Bir sonraki an, sayısız şimşek askeri, canavarca öldürme arzusuyla dolu gök gürültüsü bulutlarının arasından fırladı. Hepsi ilahi silahlarla donanmış ve yıldırım zırhı giymişlerdi. Bazıları savaş arabalarındaydı, bazıları ise yıldırım ejderhalarına biniyordu.
Bir anda, Bu Fang’ın üzerine ezici bir baskı indi ve evreni sırtında taşıyormuş gibi hissetmesine neden oldu.
Mu Hongzi ve diğerleri çoktan uzaklara çekilmişlerdi.
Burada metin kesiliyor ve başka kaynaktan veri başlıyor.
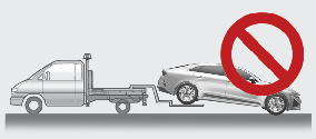 If you tow the vehicle while the front wheels are touching the ground, the vehicle motor may generate electricity and the motor components may be damaged or a fire may occur.
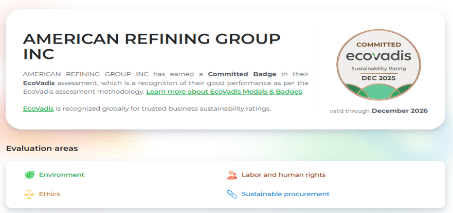 American Refining Group is committed to conducting business in a socially responsible manner and to protecting the environment and meeting all applicable state and federal compliance obligations. We will maintain an environmental management system that will serve as a framework for meeting the following objectives:
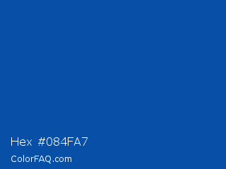 Hex #084fa7 Color is a normal blue color and the nearest color is Endeavour #0056a7. Hex code #084fa7 and RGB value is rgb(8,79,167). In RGB color space, this color is composed of 3% red, 31% green, 65% blue, In CMYK color space, this color is composed of 95% cyan, 53% magenta, 0% yellow , 35% black , In HSL color space, this color has a hue angle of 213° , 91% saturation and 34% lightness.
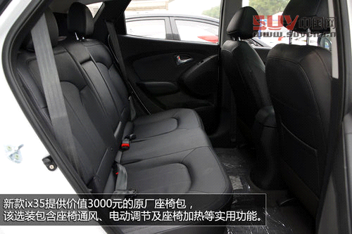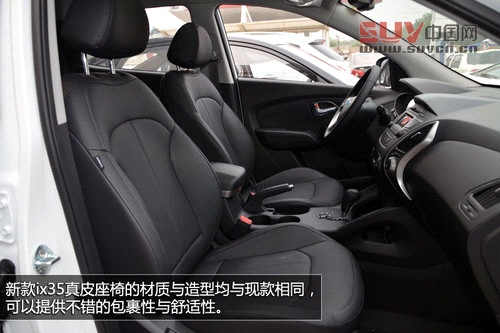 新款ix35真皮座椅的材質與造型均與現款相同,可以提供不錯的包裹性與舒適性。不過遺憾的是2.0L自動兩驅智能版GLS的座椅調節均為手動,對功能上有需求的消費者可自行選裝價值3000元的原廠座椅包,該選裝包含座椅通風、電動調節及座椅加熱等實用功能。

Bu sıkıntıya hafifçe dokunmaya cesaret edemediler. Eğer olaya karışırlarsa, şimşek onları anında toza dönüştürürdü.
Bu yıldırım cezasının gücüne hafifçe dayanabilen Mu Hongzi dışında, orada bulunan herkes ona dokundukları anda anında parçalanacak ve hatta ruhları bile yok olacaktı.
O anda, Bu Fang bir yıldırım denizi ve binlerce yıldırım askeriyle karşı karşıyaydı!
Birdenbire gülmeye başladı ve gözleri parladı. Vermilyon Cübbesine bürünmüştü, sol elinde Ejderha Kemiği Mutfak Bıçağı ve sağ elinde Qilin Göç Kepçesi tutuyordu, ayakları Beyaz Kaplan Cennet Sobasının üzerinde ve başının üzerinde Kara Kaplumbağa Takımyıldızı Wok’u vardı. Çok neşeli görünüyordu.
1
Peki ya bir Kıyamet Gök Gürültüsü Sıkıntısı ile karşı karşıyaysa? Peki ya Gök Tanrıları onu gözetliyorsa? Peki ya Yasalar tarafından baskı görüyorsa? Hepsini ezecekti!
Bunu akılda tutarak, Bu Fang kahkahalara boğuldu ve yıldırım denizine ve sayısız yıldırım askerine doğru koştu.